Just trying To get an idea Of Any Soliders On the Site Heading To Arcon this Year


----------



## koalorka (29 Jan 2004)

What is Arcon?


----------



## Slumsofsackville (29 Jan 2004)

Not me, ARCON, is a giant Excerise that all forces participate. LAND/AIR/SEA, A giant war game. Real fun, usually like 5 days,


----------



## winchable (29 Jan 2004)

I may be.


----------



## Cpl. Williamson (29 Jan 2004)

Thanks For The Above Replies ..

It Should be a "Blast" This Year


----------



## brin11 (29 Jan 2004)

I‘ll be there.  Does anyone have hard and fast dates??


----------



## Cpl. Williamson (29 Jan 2004)

August 21 - 28 or 29 I believe 
Ill Confirm after Tonight


----------



## The_Falcon (29 Jan 2004)

www.exstalwartguardian.forces.gc.ca


----------



## koalorka (29 Jan 2004)

Do Reserve and foreign (NATO) units take part in the exercise?


----------



## The_Falcon (29 Jan 2004)

ARCON 04, or Area Reserve Consentration, were all three reserve CBG‘s (31,32,33)in LFCA all get together in Pet for training.  Last year the Queen‘s Own Rifles hosted a Platoon of German Paratroopers. However it is mainly a reserve ex.


----------



## koalorka (29 Jan 2004)

Wow, sounds fun. How were the Germans?


----------



## The_Falcon (29 Jan 2004)

Don‘t really know I am not in the Queens Own. But they really know how to drink!


----------



## pegged (29 Jan 2004)

Is this held in a different land force area every year? Like maybe LFWA one year, and LFCA this year,.


----------



## Slumsofsackville (30 Jan 2004)

I Allways heard of it in Gagetown


----------



## Cpl. Williamson (30 Jan 2004)

To My Knowledge its Always Been In Gagetown


----------



## mattoigta (30 Jan 2004)

I‘m assuming every area does its own


----------



## Korus (30 Jan 2004)

LFWA was supposed to have a large week long concentration this past summer in Wainwright, ex Active Edge.
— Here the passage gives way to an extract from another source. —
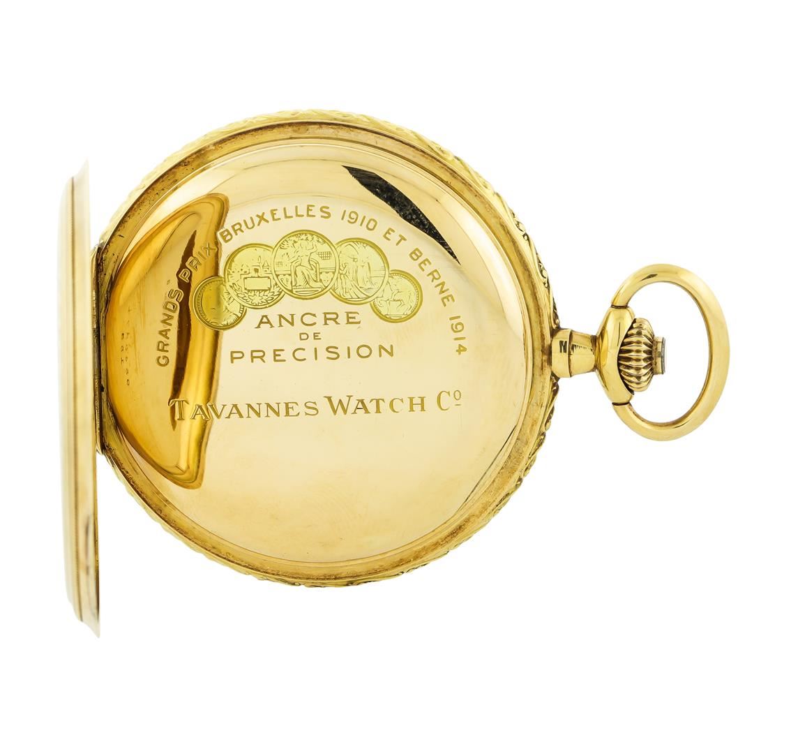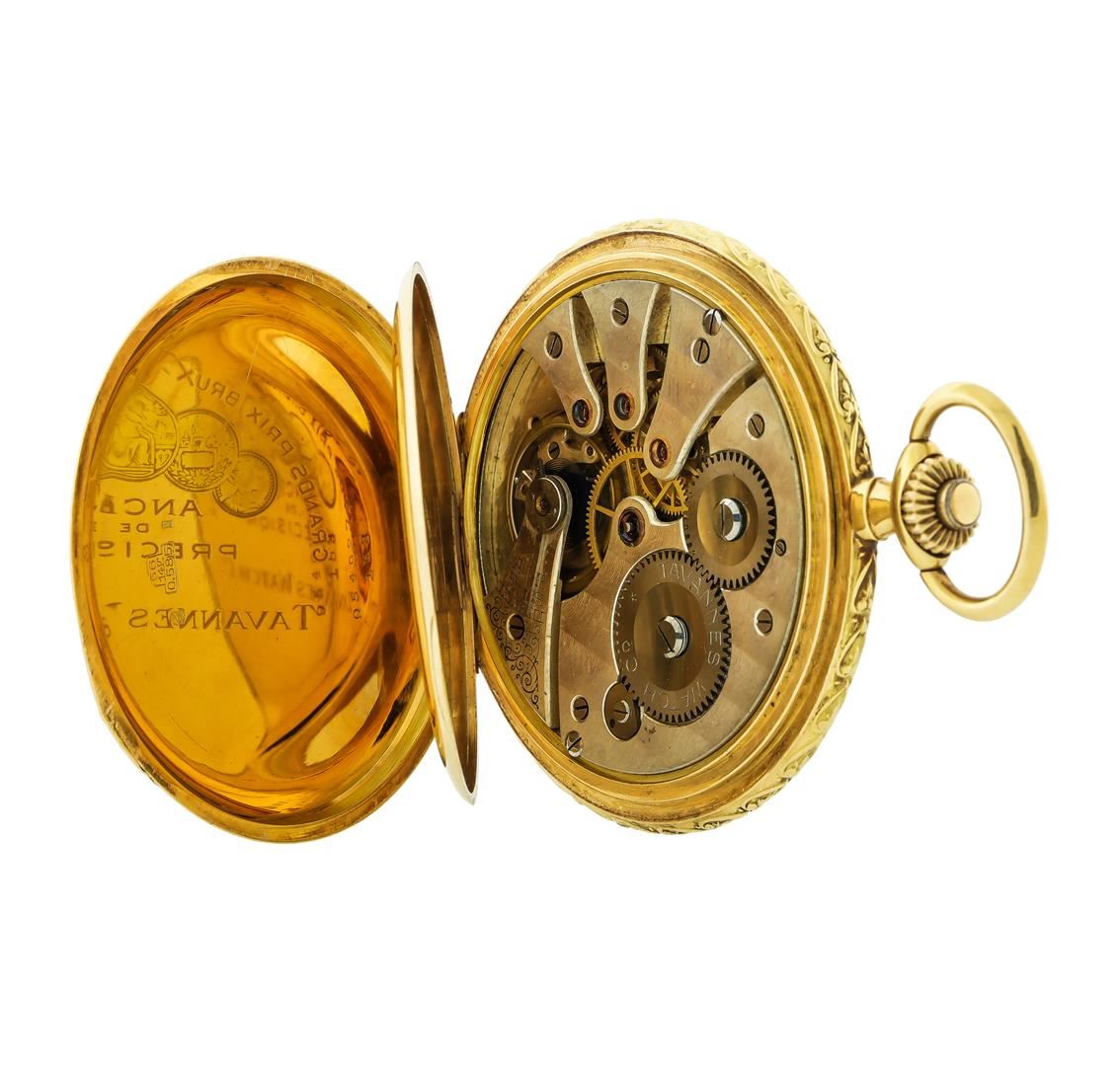 One Tavannes vintage 14KT Yellow Gold Pocketwatch. Movement: Tavannes, mechanical with manual winding. Case: Hunter, 14KT Yellow Gold engraved, measures 50mm in diameter, case number 9549374. Case signed "14K 0.585". Dial: White enamel with painted Arabic numerals and blued steel hands. Seconds sub-dial is located at 6 o'clock. Condition: G-4 FINE, (good working order and good condition). Total Weight of Watch: 70.00gm

 http://www.army.forces.gc.ca/lfwa_hq/Active_Edge/default.htm 

I was on course at the time, but AFAIK it was cancelled due to pers needed to fight the fires.

I‘ve been hearing things about "Active Egde 04", but I can‘t confirm anything, and the website only seems to have details on lat year‘s active egde.


----------



## D-n-A (30 Jan 2004)

yea, Active Edge was cancelled, due to the forest fires in BC, and Reserves and Reg Force were sent to fight the fires.


From what I‘ve heard, Active Edge should be happening again this year, so is Cougar Salvo.


----------



## Eowyn (30 Jan 2004)

There will be an Active Edge 04 in Wainwright this year.  I just don‘t have the dates yet.


----------



## brin11 (31 Jan 2004)

Spr. Williamson,

Wondered if you had confirmed those dates for Arcon04?  We‘re not hearing any dates from our unit yet.


----------



## Cpl. Williamson (31 Jan 2004)

Apparently The Standing Dates Are August 21 - 28 
Probably Be there On the 20th And Return On The 29th Pre Ex and Post Ex But There The Dates That Stand Sorry For The Delay


----------



## brin11 (31 Jan 2004)

Spr. Williamson,

Thanks.


----------



## portcullisguy (1 Feb 2004)

Looks like the smoker is on the 27th, so plan to be packed up and out of there on the morning of the 28th.

If I can, I intend to take my PMV again.


----------



## Danny (1 Feb 2004)

I‘ll be there.


----------